Le Mur invisible, Marlen Haushofer

Il y a de ces livres qui s’oublient, qu’on oublie avant que, soudain, une réédition les fasse remonter à la surface. Cette fois, c’est un post instagram de Maureen Wingrove (la dessinatrice Diglee) qui a donné au roman autrichien (un classique, là-bas) une nouvelle vie et un succès de vente visiblement inattendu. Les écoféministes se ruent sur le livre, l’éditeur qui a permis ce retour en grâce se frotte les mains, évidemment. Mais qu’importe… Ce livre est tombé dans nos petites pattes de lecteur curieux par un autre biais et nous nous en félicitons. Car il rejoint notre travail littéraire du moment (Le Mur) et peut nous être utile (ou pas, peu importe). Le Mur invisible a été un immense plaisir de lecture, là est l’essentiel. Plaisir de découvrir une autrice inconnue et de très grand talent. Plaisir de retrouver dans une thématique de genre (mais il ne faut pas se fier aux apparences) un type de lecture (mais il ne faut surtout pas se fier aux apparences) oublié depuis un moment. Plaisir enfin de trouver dans un roman qui ne nous prometttait pas ça un type de lecture que l’on aime par-dessus tout, surprenant, exigeant, et pourtant propice au bonheur (le pourtant n’a rien à faire là, comme s’il s’agissait de s’excuser de ne pas rechercher du facile).

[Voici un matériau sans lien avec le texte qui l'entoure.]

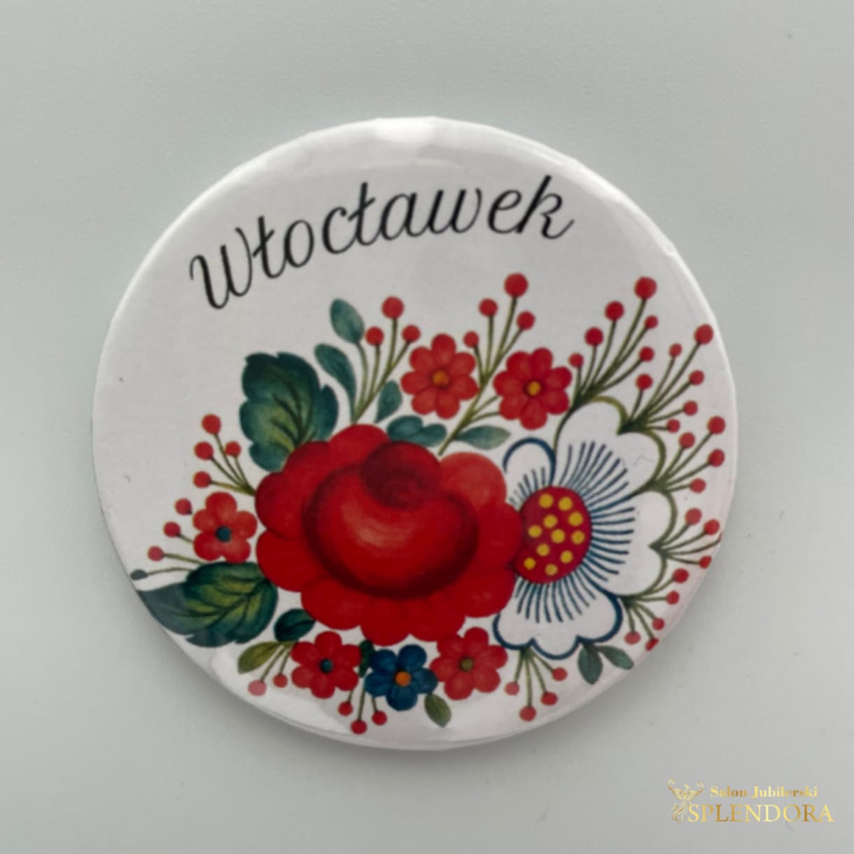 Funkcjonalny magnes z otwieraczem 58 mm z motywem fajansu włocławskiego w czerwonej kolorystyce łączy praktyczne zastosowanie z dekoracyjnym charakterem. Tył wykonany jest z grubej blachy stalowej, w której znajduje się otwór umożliwiający wygodne otwieranie butelek.

S’il fallait rapprocher ce roman génial (l’adjectif n’est pas galvaudé) de ce que nous avons lu ces derniers temps, on pourrait regarder du côté de Monique Wittig (mais ce n’est pas la même chose, évidemment). D’Ingeborg Bachman ? Pas du tout. Comme s’il était important d’établir des liens (nous nous fatiguons nous-mêmes). Passons…

Une femme (une urbaine) se rend chez sa cousine, en montagne (les Alpes), dans un chalet où elle la retrouve, ainsi que son mari, leur chien et leur chat. Un soir, le couple se rend en ville, laissant l’héroïne seule pour un moment. Ils rentreront dans la soirée. Sauf qu’ils ne rentrent jamais. Le lendemain matin, surprise de ne pas les voir, elle va se promener dans la campagne, avec Lynx, le chien, et se heurte à une paroi invisible. Après vérification, il s’agit bien d’un mur infranchissable. De l’autre côté, tout (sauf la végétation) semble figé, mort et comme statufié. Dès lors, le mur invisible est évacué par la narratrice (l’héroïne) qui dans son récit va s’en tenir strictement à son travail quotidien (agriculture, chasse, pêche, entretien du chalet, cuisine, écriture, tenue du calendrier, etc…) , à ses efforts pour survivre, à ses relations avec les animaux (une vache, puis son veau, un chien, une chatte, puis ses petits, les animaux sauvages), à une réflexion sur ce qu’elle fut et ce qu’elle est devenue à cause du ou grâce au mur. Une façon comme une autre de mettre de l’ordre dans le chaos. Il ne se passe donc rien du point de vue romanesque, pas d’événements majeurs, de rebondissements inattendus (ou trop attendus), alors qu’il se passe évidemment beaucoup de choses. On est face à une poétique du travail, de la survie, du travail pour la survie, poétique du quotidien d’une femme moderne (des années 60) qui se trouve enfermée dans une « île » en plein milieu du continent européen et à la façon de Robinson organise son espace en fonction de sa vie solitaire.

L’attente inutile est évacuée (cette femme n’est pas un Robinson à l’identique, personne ne viendra la libérer), la solitude, le silence sont omniprésents (pas de Vendredi pour parler, dominer). Pourtant, il y a bien un dénouement. Avec événement majeur, qui tombe à la fin du roman, à la presque fin, et qui est annoncé à grand renfort de prolepses visant à casser à tout prix le fameux suspens cher à tout bon lecteur de narration à intrigue. Marlen Haushofer nous le fait donc savoir, elle s’en tape de l’intrigue et spoile joyeusement la fin de son roman, ah, la brave femme, j’adore. Les annonces du destin de certains de ses animaux et du dénouement dont nous ne parlerons pas ici, laissons le soin de faire ce travail à la narratrice du roman qui n’écrit pour personne d’autre qu’elle-même, se succèdent, se multiplient durant tout le bouquin, c’est un pur régal, à contre-courant de ce qui se fait habituellement. C’est ça, Le Mur invisible n’est pas un roman as usual, mais alors pas du tout.